Payment business grows at all levels
In the cards business, the Aduno Group achieved an 8.5 per cent increase in its transaction volumes in the first six months of 2019 to CHF 5.2 billion. While volumes in Switzerland rose by 12.3 per cent, volumes abroad registered growth of 4.2 per cent. The sharp rise in card transaction volumes in Switzerland reflects the ongoing substitution of cash, particularly in shops, restaurants, travel and entertainment. Relatively weak growth abroad was attributable to a lower euro exchange rate and the partial shifting of transaction volumes from abroad to Switzerland. Online business with foreign retailers and service providers as well as hotels and restaurants again recorded an above-average performance.
In the Swiss bricks-and-mortar business, the onward march of contactless payments continued. In the first half of 2019, for the first time more than half of all transactions were contactless, at 52.8 per cent. This is up sharply on last year’s figure of 38.5 per cent. Consumers like being able to make quick and easy contactless payments for their everyday purchases using a card, including for relatively small amounts. As part of its digitisation strategy geared to customer needs, in June 2019 the Aduno Group introduced contactless payments via Samsung Pay. This means that customers with a Samsung smartphone or smartwatch can make payments easily and securely wherever contactless payments are available as well as in many online shops in Switzerland and abroad.

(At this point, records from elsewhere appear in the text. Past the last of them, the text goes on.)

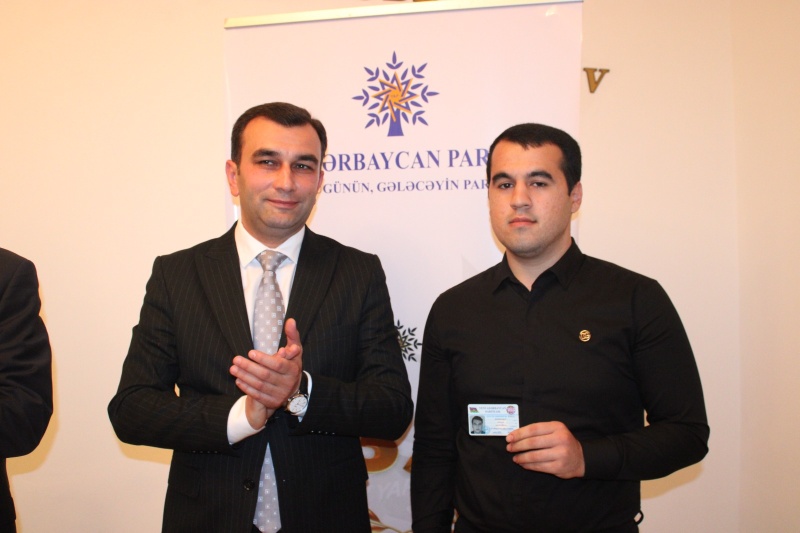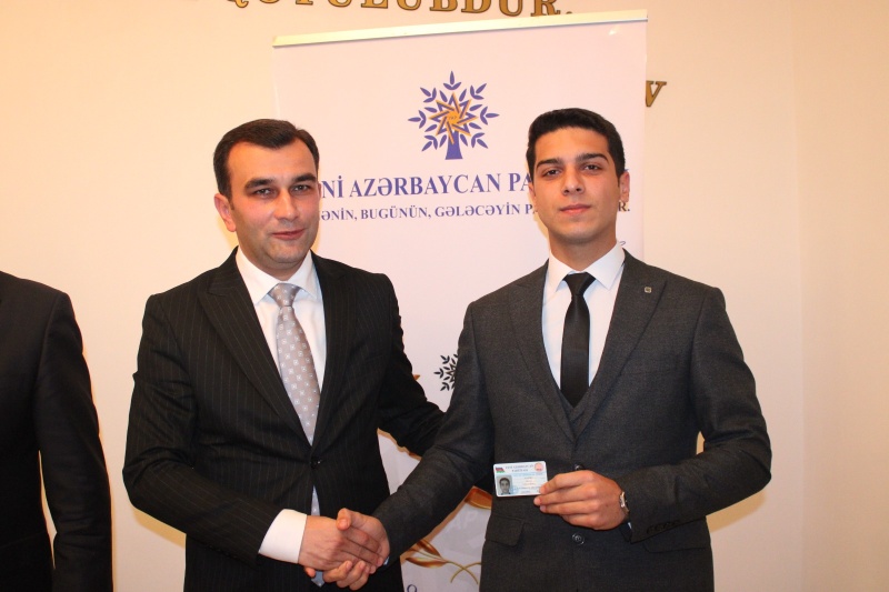Sonda Yeni Azərbaycan Partiyasının yeni üzvlərinə partiya vəsiqələri təqdim olundu və partiyanın Himni səsləndirildi.
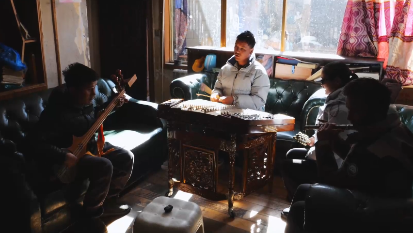 在拉萨东郊老安居园的一处小院,达瓦次仁与乐团成员们同住,也在这里收获了爱情——他与乐团创始人达琼的妹妹朋琼相恋结婚,如今已是两个孩子的父亲。没有演出时,他们上午卖自制藏香,下午排练,生活简单却充实。
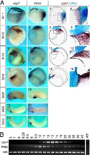 Xhex-expressing endodermal tissues are essential for anterior patterning in Xenopus., Mech Dev 2002 |
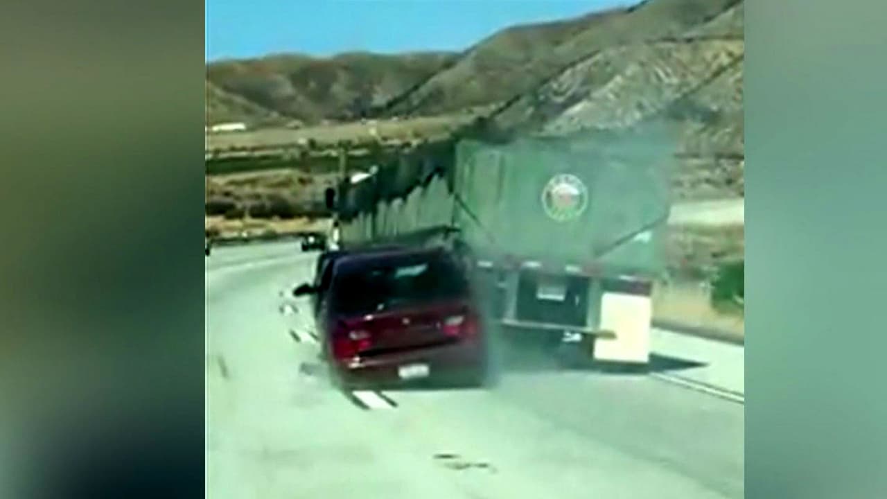 Un vehículo con una persona adentro fue arrastrado por un camión en Cajon Pass, California

The number of cards climbed to a record 1.6 million. New sales of credit cards remained at a high level, attributable to strong distribution work at customer banks. Banking packages that include credit cards are particularly popular with customers. The “one” app also enjoys great popularity, being Switzerland’s most loaded and most used card app. New functions were added in the period under review: customers can now order a replacement card directly through the app, while the analytics functionality enables them to analyse their expenditure according to various categories.
The analytics functionality is based on Contovista’s Personal Finance Manager (PFM), which a number of banks have now integrated into their own apps. In addition, in the first half of 2019 Contovista launched a Business Finance Manager (BFM). This digital financial assistant enables business customers of customer banks to bundle all their banking relationships into a single solution. This not only gives them greater security and an unrestricted overview of their financial position; it also saves them valuable time they can instead devote to their core business.
Leasing drives growth in the Consumer Finance business
The Consumer Finance division, featuring the cashgate personal credit and leasing business, posted an increase in new business in the first half of 2019 of 4.4 per cent to CHF 521.4 million. This enabled cashgate to just about maintain its position in a hard-fought market.
New volumes in the personal credit business stagnated in the first six months, following growth in the prior-year period. However, overall volumes rose by 4.4 per cent compared to the end of 2018.
The leasing segment increased its new volumes by 9.9 per cent in the first half of 2019. Overall volumes were up 6.5 per cent versus the end of 2018. Growth was driven mainly by a major strategic partner.
On 30 June 2019, Aduno Holding signed an agreement to sell cashgate AG to Cembra Money Bank AG. Completion of the transaction is subject to the usual conditions and is scheduled for the third quarter. For about a year the Aduno Group will provide services to Cembra Money Bank in various areas, such as finances, HR, IT and collections, as a transitional solution.